Editor’s Note: Are you “just asking questions” about why ninety percent of Matt’s reader questions seem to be Trump-related? Then congratulations, conspiracy theorists, because this is a legitimate conspiracy. Trump and his little authoritarian project’s elves, it seems, have sought to entrench themselves into every crevice of American life, and they’ve succeeded. Much more than they’ve succeeded at say, bringing down grocery prices or not impoverishing our IRAs. Which the questions reflect. But the question you should be asking is: “Why am I not asking non-Trump related questions?” Be the change you want to see. Why not ignore the Stable Genius, and direct all non-Trump related queries to askmattlabash@gmail.com. (Trump-related questions are also still welcome, of course, since we won’t be rid of His Majesty until the next election, assuming elections haven’t been outlawed by then.)

Dear Matt,
You were one of the reasons I subscribed to
The Weekly Standard way back when. I would often laugh out loud when reading your articles. The one where you attended a woke (or whatever it was called back then) convention was a classic. I think you might have referenced that piece recently. I must say you have changed since those halcyon days. A great deal. I’ve canceled my subscription at least once in protest, but then came back for unknown reasons.
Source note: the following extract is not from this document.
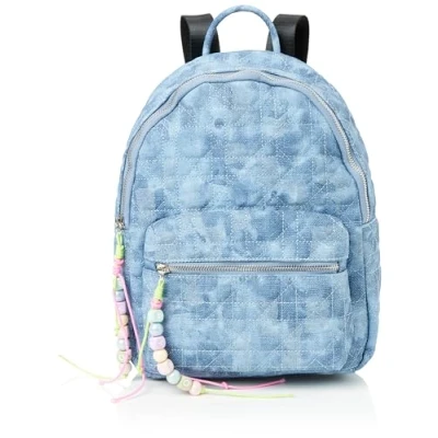 Quilted Backpack Made of faux leather or fabric Tie-dye fabric Front pocket with zip Zip pendant with colourful beads

Why you gave Joe Biden the benefit of the doubt is way beyond my mental ability to comprehend. Look, I don’t like Trump personally. He’s a loathsome, narcissistic, grifting sociopath as you describe him. But……we need someone to be a disruptor. Only Trump was gonna be that person. The system (whatever that is) needs to be blown up. Also, name the “vital government services” he’s cutting. Name one. And he’s NOT cutting Social Security. I mean he’s crazy, but not that crazy. My question is - it’s virtually impossible to cut spending or to raise taxes, so when does the deficit/debt cause the entire country to collapse?

Tom T.

Wait, I’ve changed? And not the world around me, along with half the people I know in it? If it makes you feel any better, Tom, I’m still laughing out loud while reading you. Though perhaps not for any reason you’d wish me to.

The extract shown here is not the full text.